*What the task asks*:
Every entry below should be reproduced exactly; no picture is to be included.
==*==
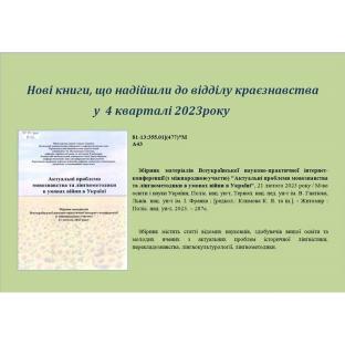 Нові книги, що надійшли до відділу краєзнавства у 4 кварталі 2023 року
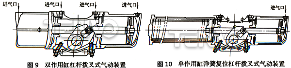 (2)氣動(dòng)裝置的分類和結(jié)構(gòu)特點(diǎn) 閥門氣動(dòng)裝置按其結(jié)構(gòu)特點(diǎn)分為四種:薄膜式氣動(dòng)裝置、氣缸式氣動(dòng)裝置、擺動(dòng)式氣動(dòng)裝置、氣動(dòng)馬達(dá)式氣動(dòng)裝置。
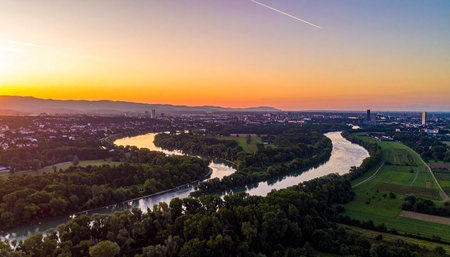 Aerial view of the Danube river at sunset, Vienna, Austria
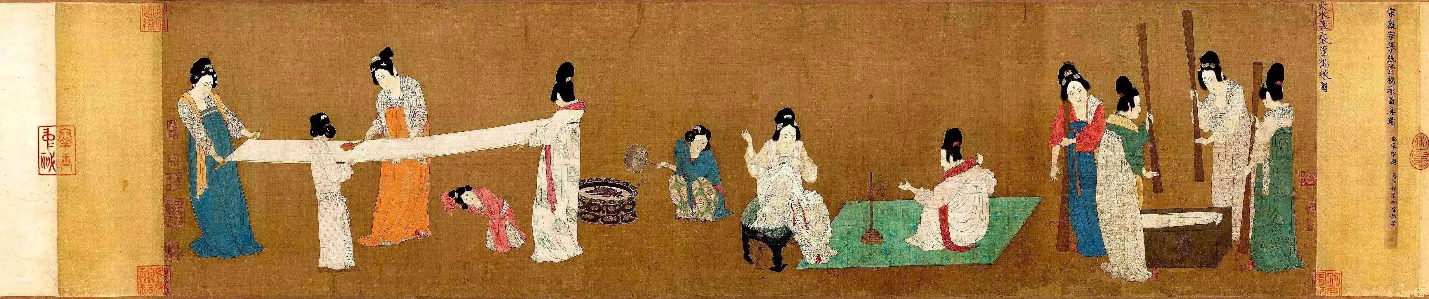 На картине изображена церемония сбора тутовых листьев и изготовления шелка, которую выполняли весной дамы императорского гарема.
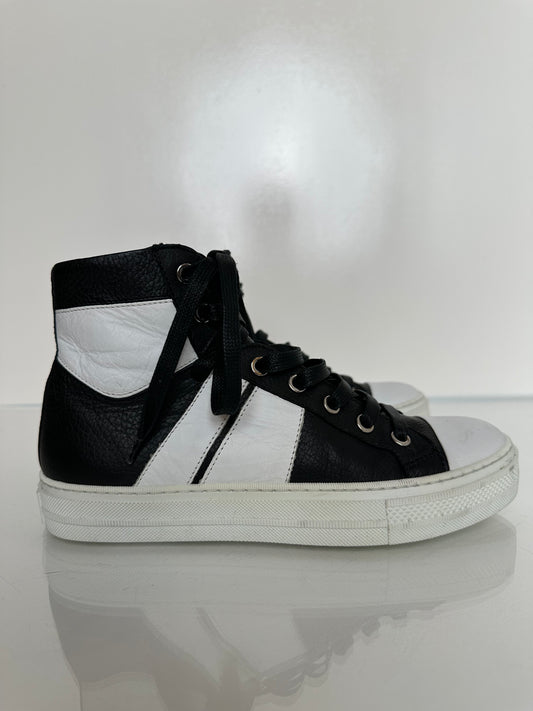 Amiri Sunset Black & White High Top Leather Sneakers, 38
==*==
*Response to the exercise*:
 Нові книги, що надійшли до відділу краєзнавства у 4 кварталі 2023 року
 (2)氣動(dòng)裝置的分類和結(jié)構(gòu)特點(diǎn) 閥門氣動(dòng)裝置按其結(jié)構(gòu)特點(diǎn)分為四種:薄膜式氣動(dòng)裝置、氣缸式氣動(dòng)裝置、擺動(dòng)式氣動(dòng)裝置、氣動(dòng)馬達(dá)式氣動(dòng)裝置。
 Aerial view of the Danube river at sunset, Vienna, Austria
 На картине изображена церемония сбора тутовых листьев и изготовления шелка, которую выполняли весной дамы императорского гарема.
 Amiri Sunset Black & White High Top Leather Sneakers, 38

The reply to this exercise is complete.